In general, we want to avoid “oversubscribing” the cores we have requested because they will ultimately run slower than if we use what we request.
Bigger data sets
The strategy of reserving a node with many CPUs works well up to the extent where we want to process more computations in parallel than there are CPUs on a given node (modern nodes often have up to 128 cores/threads).

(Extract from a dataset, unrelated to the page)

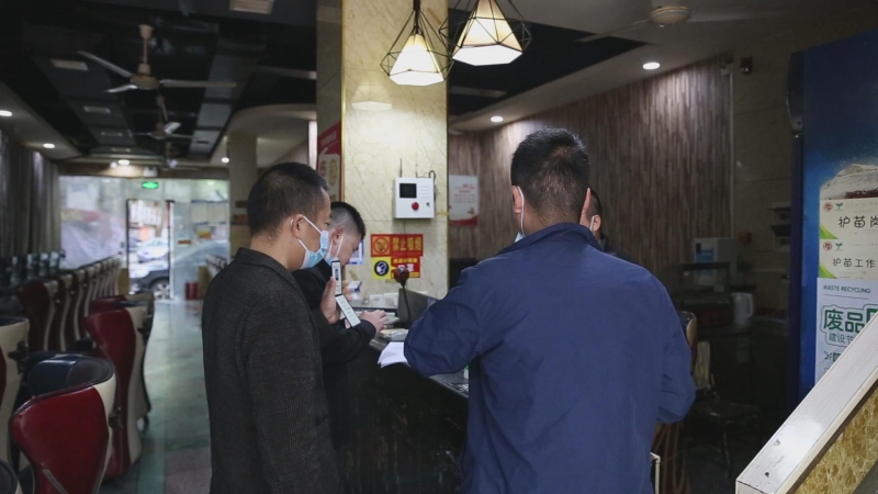 图为工作人员对灵知网吧疫情防控台账进行检查
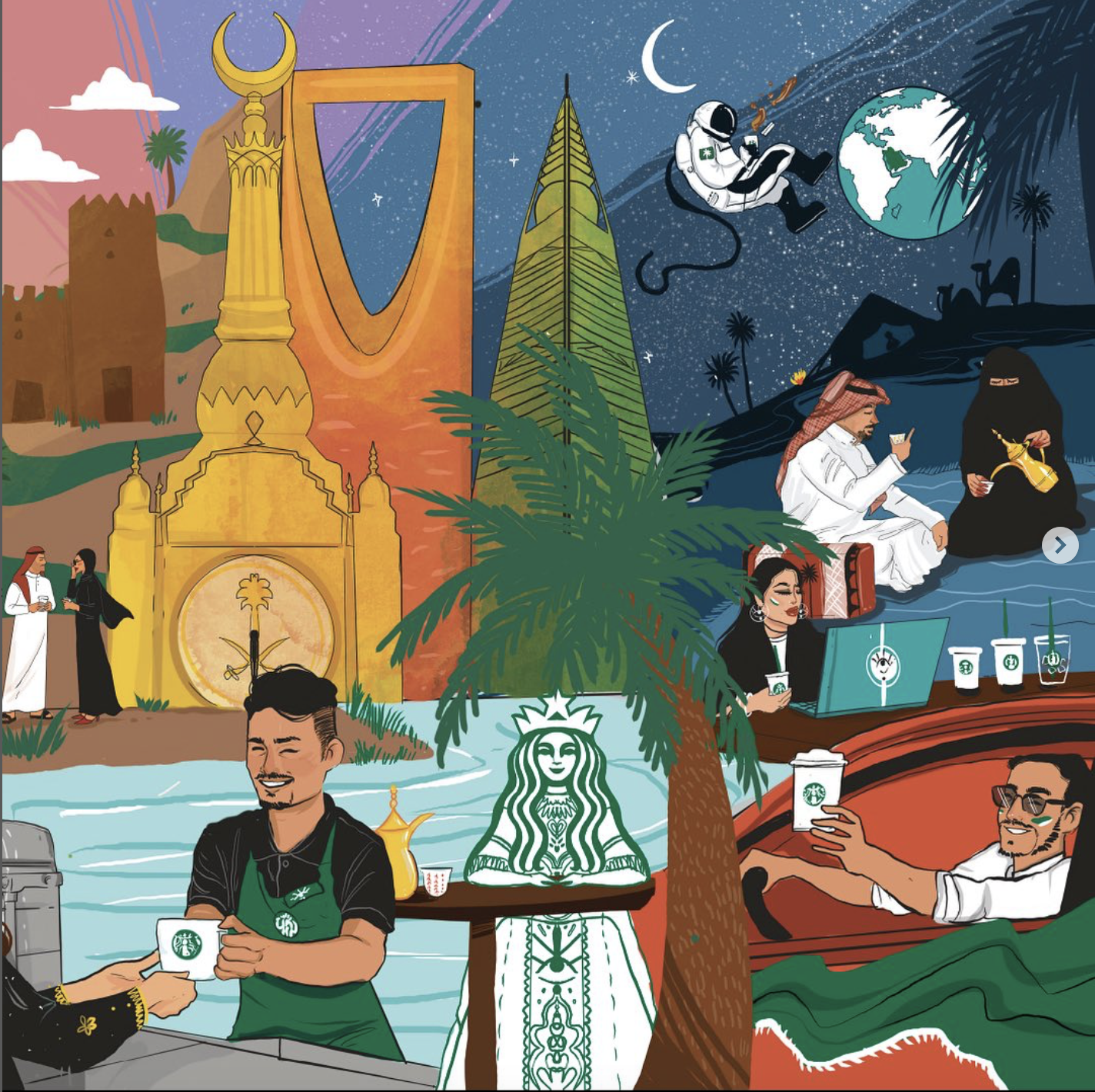 In this collaboration with Starbucks, a large painting was created at one of the Starbucks branches in Jeddah to commemorate the National Day. The painting reflects various elements associated with coffee in the past and its current usage, while also featuring some Saudi landmarks that showcase the beauty of Saudi Arabia.

Here, we want to simulate such a big computational task, but for this to not use too many resources we will limit the overall amount.
Exercise
- Simulate 10 breakpoint data sets using the function above, and save
the resulting list in an
.rds
object (usingsaveRDS
) - Write a submission script with 10 tasks that load the object, subset
the current task index, and save the resulting model as
.rds
and model plot as.pdf
(hint: there are automatic environment variables available for each Slurm run, such asSLURM_PROCID
)
Solution simulation
sim_breakpt.r
simulate_data = function(len=1000, bps=c(0,1,2)) {
sim = data.frame(x=seq_len(len), y=rnorm(len))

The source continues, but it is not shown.